Tuesday, July 28th, 2009

For someone who has battled with weight issues all of her life, it’s always a sobering day when you realize that you’ve fallen off the wagon.

I have fallen off the wagon. I am off the tracks. Derailed. I know you know what I mean.

I started out this journey at 192 pounds and managed to get 1 pound shy of 170. This morning’s scale says 179. If you haven’t noticed, this is not heading in the right direction.

As a writer with a slightly elevated online presence, I tend to get a lot of emails from people that are trying to get me to promote their wares. As a general rule, I tend to shy away from product promotion with a few exceptions. (There is no self-righteous indignation in my decision-making of what gets selected and what doesn’t … I just go with a gut feeling and then shake my Magic 8 Ball.)

I bring this up because recently I received an email from a representative for a pharmaceutical company offering to “answer any questions” about the new obesity pill headed for FDA approval. Apparently the trials have been shown to be effective, with an average 17 lbs. weight loss per participant.
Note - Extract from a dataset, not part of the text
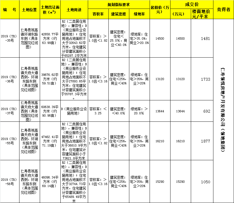 乐居买房讯2020年4月9日,仁寿县视高镇进行了一次土地拍卖,五宗土地合计354.79亩,悉数由仁寿领悦房地产开发有限公司底价竞得,该公司是领地集团的全资子公司,土地出让价款约7.2764亿元人民币,楼面地价悉数不超越2000元/平米。

Who knows exactly what the intention was, but I have a hunch. Suffice to say, I found myself getting really excited about it. Like somehow the pill fairy was going to rain down TicTac flavored diet pills like Manna and magically make me drop 20 lbs in a hurry. I found myself fighting the urge to say, “MY QUESTION IS HOW DO I GET SOME BEFORE FDA APPROVAL??”

But then I stopped myself.

Everything I’ve learned through this journey is that the excess weight is not about the weight at all. For me, it’s about something more insideous like self-esteem issues or depression or the fact that I have boughts of insomnia that often derail my efforts to do things normally. Weight loss (for me) is about a lot of things that have nothing to do with calories in/calories out.  There aren’t any pills that are going to help me with those things. I’ve tried them. They don’t work for me (but they could/do work for other people).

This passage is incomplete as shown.